Stored data:
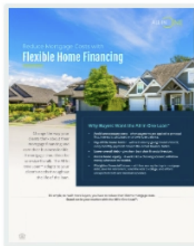
Buyers Agents #1
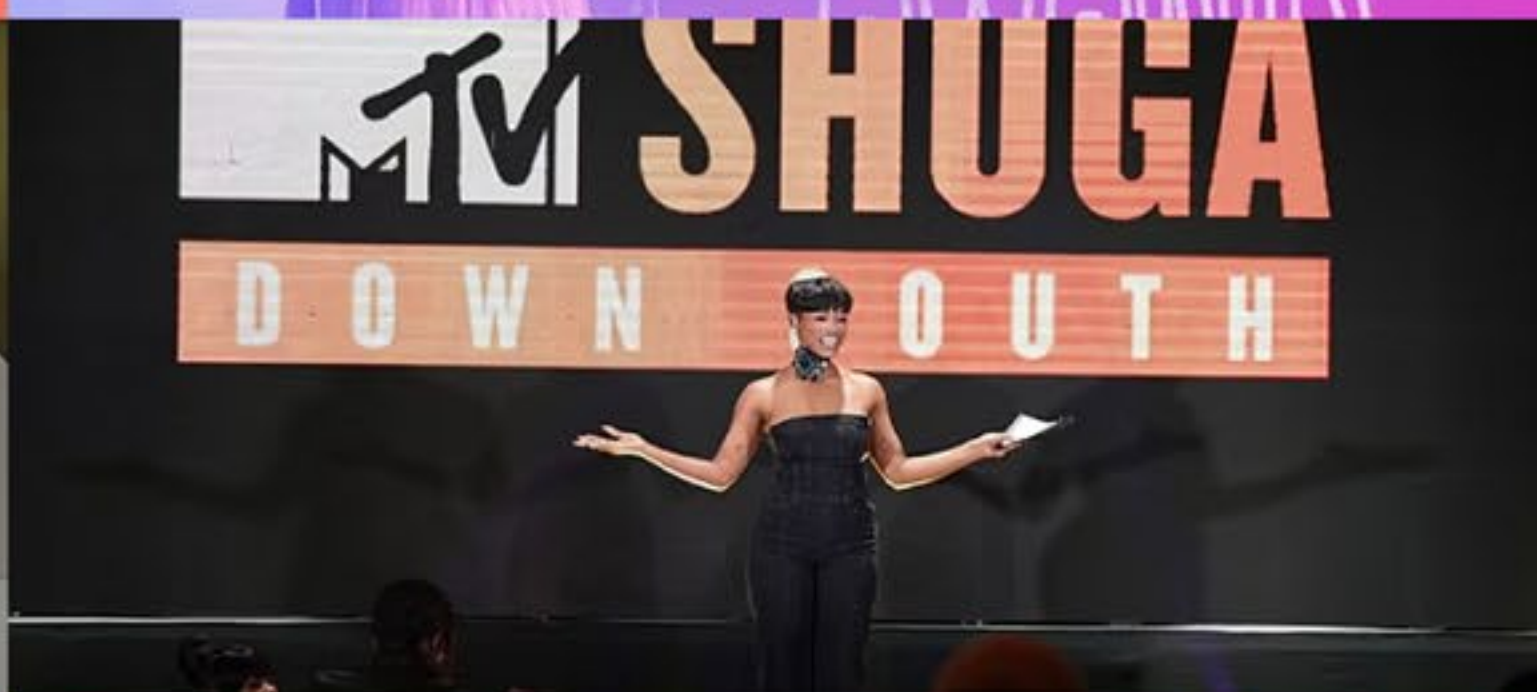
MTV Shuga Down South Season Premiere
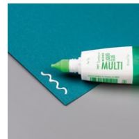
Multipurpose Liquid Glue
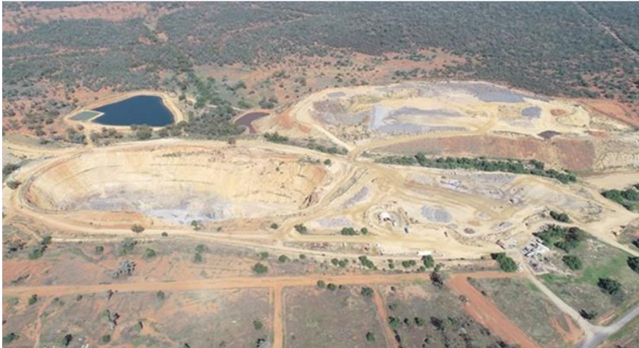
Mt Boppy Gold mine

The Company has to date processed its ROM stockpiles product through the Wonawinta metallurgical plant. Manuka are currently pursuing a strategy of establishing a fit-for-purpose, on-site crush-screen-mill-float/leach-facility to enhance the economics of the Mt. Boppy Mine and the value of near-mine prospects. The Mt Boppy site includes a 48-person mine camp and is fully permitted for the proposed processing plant and on-site production.
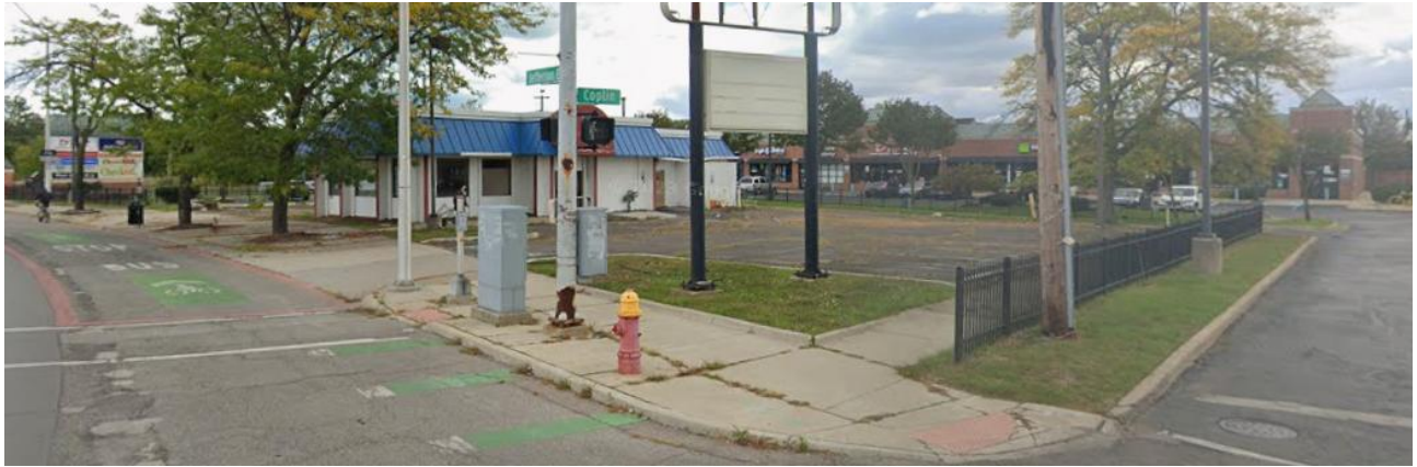
13320 East Jefferson Avenue – CPC Co-petitioner
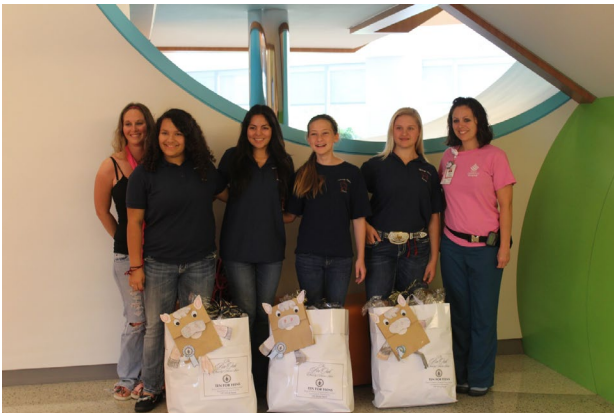
VPF Stirrup Squad Officers

The Vantage Point Stirrup Squad has started off 2013 with a canter! We had our first meeting in January where a year
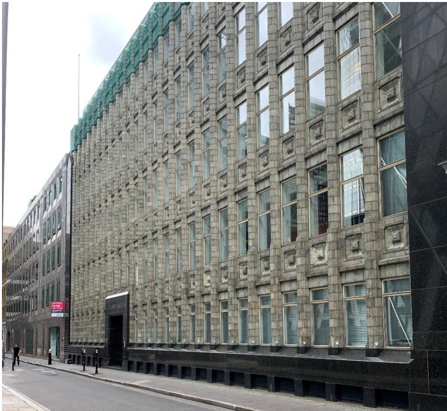
Figure 6: Holland House, Bury Street

To the south, Nos. 5-10 (Copenhagen House) is an office building, constructed in 1977 by Hildebrandt & Glicker. The building has an imposing presence within the street, due to its width but also its robustness and pink granite façade. The building has an affinity with the offices of similar date on Leadenhall Street and Mitre Street and is cut from similar cloth to No. 33 Creechurch Lane. Like those, the scale, modelling and layout of this building are in sympathy with its more historic neighbours in the locality.
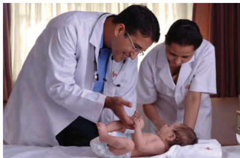
Most babies do not get basic healthcare

The problem does not end with Infant Mortality Rate. The last column of table 1.4 shows around half of the children aged 14-15 in Bihar are not attending school beyond Class 8. This means that if you went to school in Bihar nearly half of your elementary class would be missing. Those who could have been in school are not there! If this had happened to you, you would not be able to read what you are reading now.
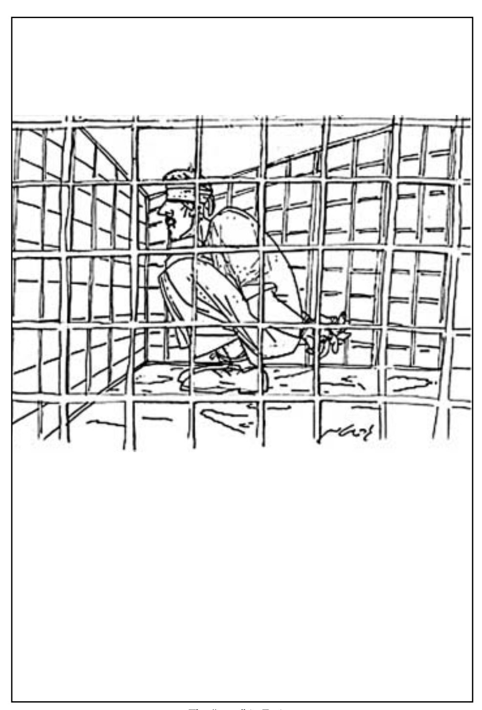
The "cage" in Etzion
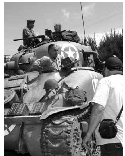
RE-ENACTMENT: The California Historical Group re-enacted the escape scene from the movie, complete with a functioning Sherman tank.
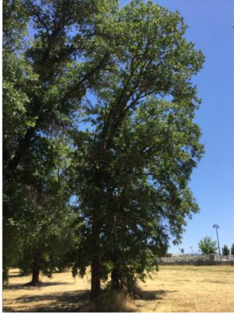
Oak, Valley Tag #: 243 Quercuslobata
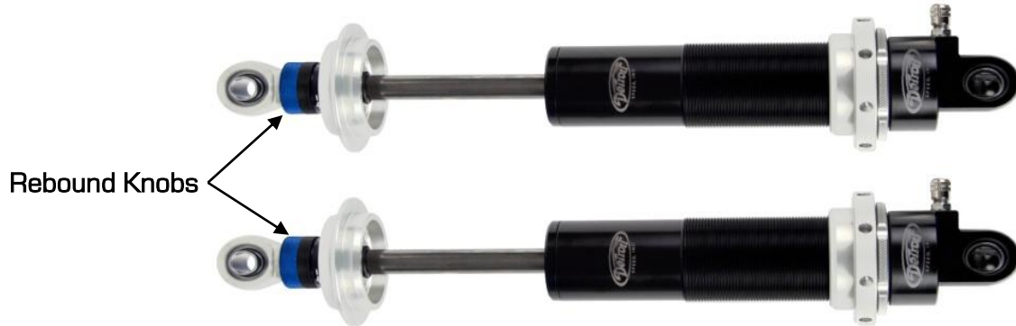
Figure 4- Detroit Speed Single Adjustable Shock

To change from the recommended “Detroit Tuned” valving, adjustments can be made independently to the rebound setting. The rebound is controlled by the knob at the lower shock mount (Shock is mounted body side up). The knob rotates clockwise (+) to increase the damping and counterclockwise (-) to decrease the damping. Refer to Figure 4
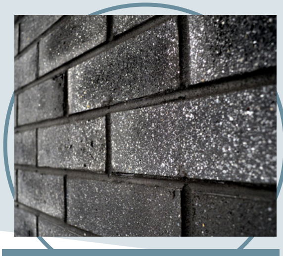
An example of black sparkle bricks on a QuietStone fire board

Just imagine what you could create if traditional brick colours were not a limitation! Think about colour, texture and finish – all key components in the creation of something new. Our bespoke service helps you realise that dream and make it a reality.
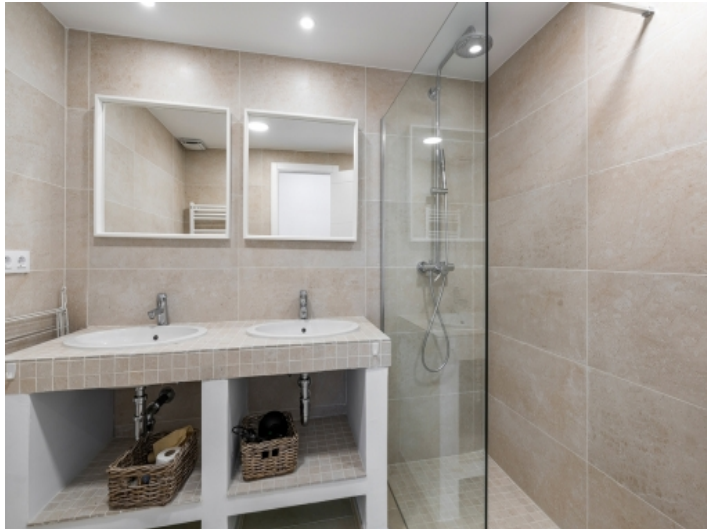
Elegant bathroom with walk-in shower
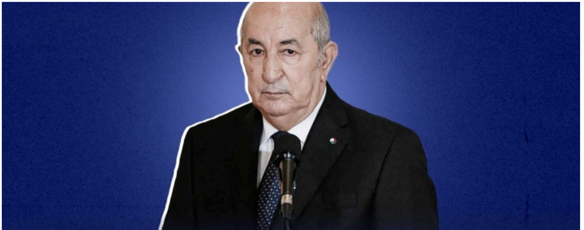
Algeria President Abdelmadjid Tebboune
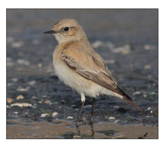
Plate 12. Female Desert Wheatear Oenanthe deserti, Samandağ, Hatay, Southern Coastlands, Turkey, January 2011.

Southern Coastlands: second-calendar year, O. l. lugens or O. l. persica , Göksu delta, 27 Mar 08 (R Wüst-Graf; photo; Plate 13) has been accepted by the Swiss rarities committee.
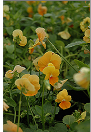
Chantreyland Pansy flowers
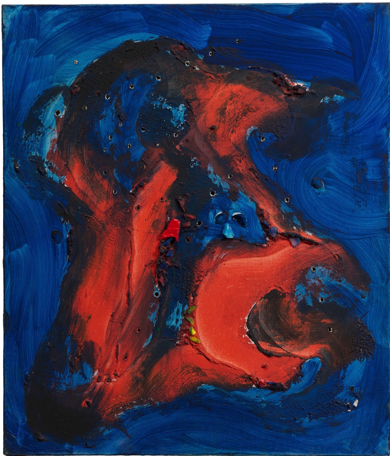
LUCIO FONTANA (1899-1968) Concetto spaziale

Oil, mixed media and glass on canvas 70 x 60 cm. Executed in 1956
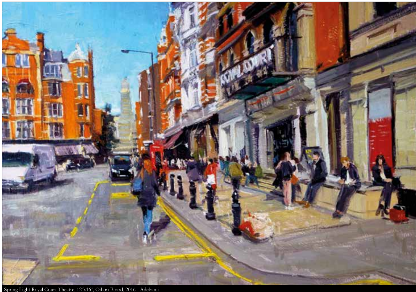
Spring Light Royal Court Theatre, 12"x16", Oil on Board, 2016 - Adebanji

“There is a spirit in man and the inspiration of the Almighty giveth them understanding”
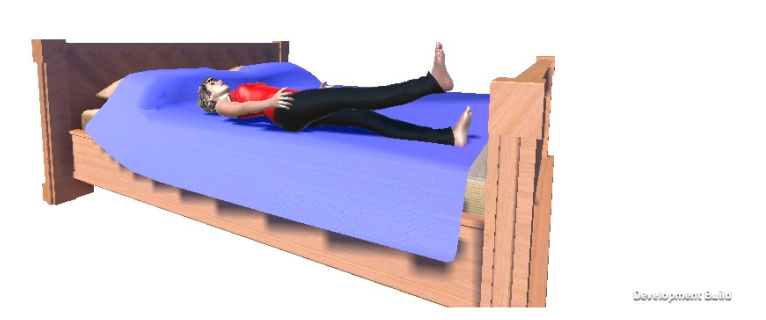
Figure 2. Screenshot of the Android tablet application during the straight leg raise exercise.

These methods allow for segmentation and classification of sensor data using support vector machine and random forest techniques described in further detail elsewhere [11,14]. The application
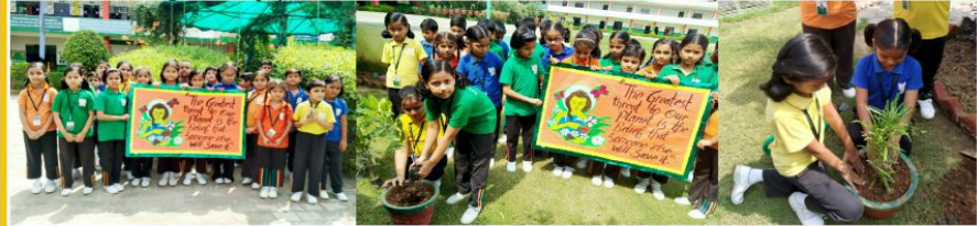
Plantation By Classes IV-V
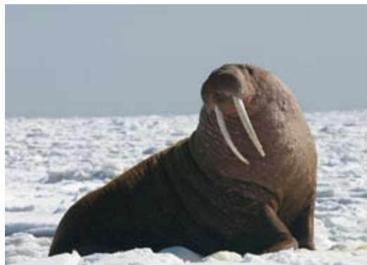
Offshore: walrus and other marine wildlife at risk

The ever-changing Arctic had a busy year in 2012, and still faces ever more challenges to come. Summer of 2012 saw the smallest amount of sea ice ever. Also during summer of 2012, Shell Oil brought two drill rigs into the Arctic Ocean; other shipping traffic increased as well, taking advantage of ice free waters. While the coastal seas were seeing so much potentially damaging activity, hope increased that onshore the public lands in the Arctic – both the Arctic National Wildlife Refuge and the Western Arctic (NPR-A) -- might see the most protections in decades. Let's
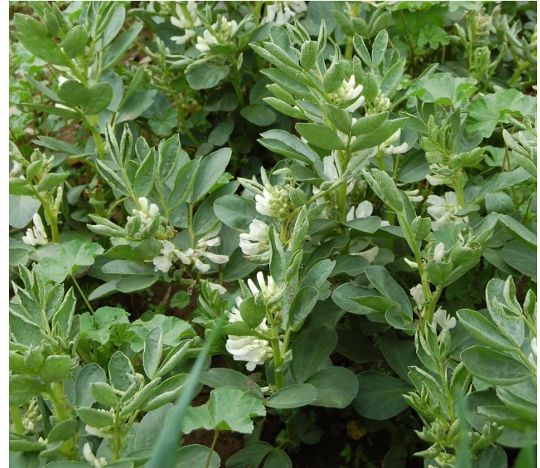
Bell bean, Lockeford PMC.
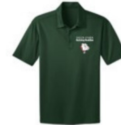
Deer Park - Port Authority Silk Touch Performance Polo From $28.99
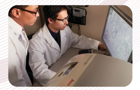
Review difficult cases with peers or collaborate globally
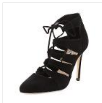
Honor Suede Lace-Up Bootie, Black -...
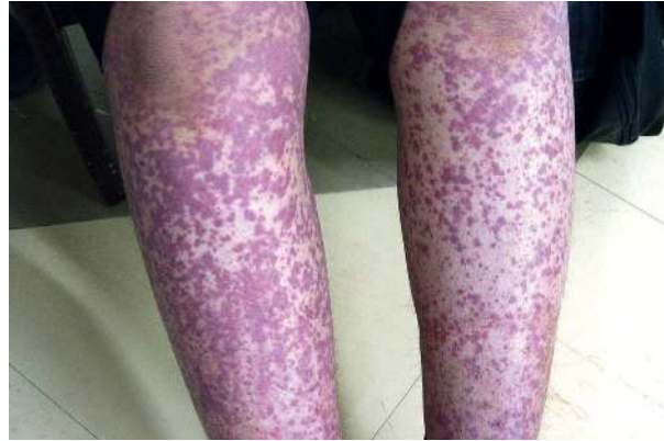
FIGURE 1: Palpable purpura with more intensity on the lower extremities.
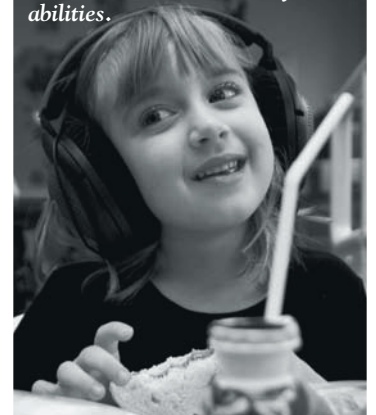
The Listening Program improves concentration and auditory abilities.
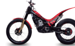
MONTESA COTA 300RR

Task item: Your answer must be an exact copy of the lines from the start of the entries through the line with "Mt Boppy Gold mine", with no pictures.

Result of the task:
Buyers Agents #1
MTV Shuga Down South Season Premiere
Multipurpose Liquid Glue
Mt Boppy Gold mine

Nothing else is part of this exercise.